Status: And it Has Begun

Beth's Letters

8

I read the letter and then reread it. I read it for a third time and placed it on the table in front of me.

Does this bitch really think I care that she’s dead?

The world hasn’t changed a bit now that she’s gone. I can’t believe she wrote me a letter, I mean she knows I didn’t care about her. But hey, it’s not like she was all buddy, buddy with me either. It was mutual. I couldn't single-handedly make her want to kill herself, right? There has to be someone else that made her depressed.

Why do I even care? She’s dead. Anyway, it wasn’t right for her to decide to send the letter after she died.

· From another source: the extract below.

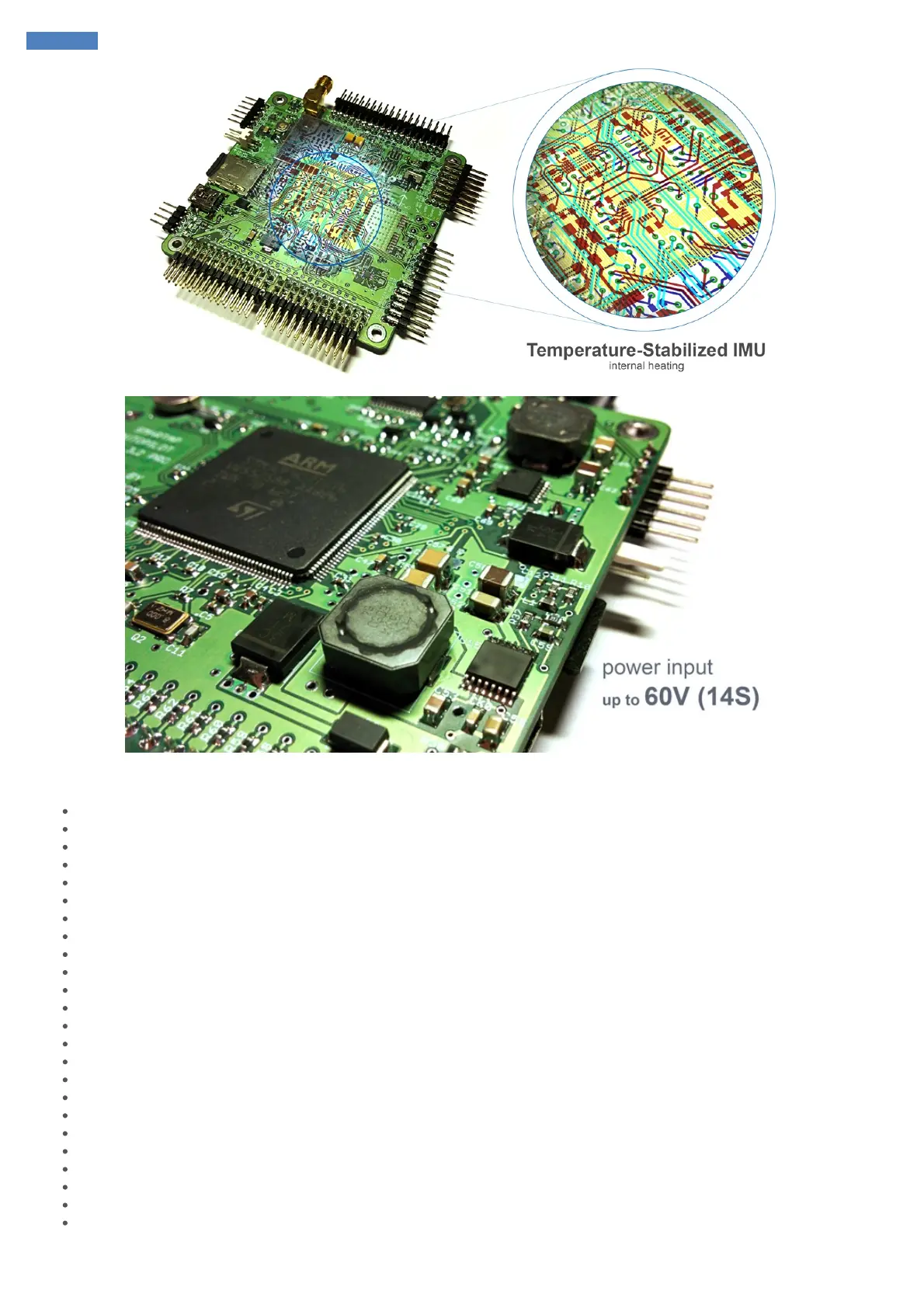 Compact board size of 8x8 cm (3.15"x3.15"), weight 60g, 6 layers PCB design

She didn’t have the balls to send then when she was alive.

I got up from my seat in the dining room and walked into the living room to watch some TV. When I turned the TV on it was on the local news channel. 18 year old high school student kills herself was the story they were covering. A lump welled up in my throat and I swallowed hard. It was my fault, wasn't it?

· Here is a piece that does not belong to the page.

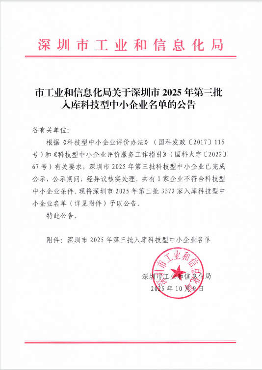 深圳市2025年第3批入库科技型中小企业名单公告正文.jpg PICTURE

She was only 18, she had her whole life in front of her. Did I take that away from her? No. I couldn’t have. There must have been something, someone else. It couldn’t have been only me. It couldn’t be my fault.

Granted I wasn't the nicest to her but I couldn’t have made her so miserable that she killed herself because of me. No, she was just playing the blame game, trying to blame everyone else for her problems.

Or maybe I was her problem. Maybe I made life for her so horrible that she felt that she had no other way out. Oh God! It’s my fault. I did this to her.

No. I refused to believe that. There was nothing that I said or did that could make that bitch want to kill herself. She was an over dramatic teenager.

By sending me a letter blaming her death on me made her immature. Take some responsibility for you actions. I turn the TV off walked back into the dining room grabbed the letter and ripped it into dozens of pieces. Fuck this.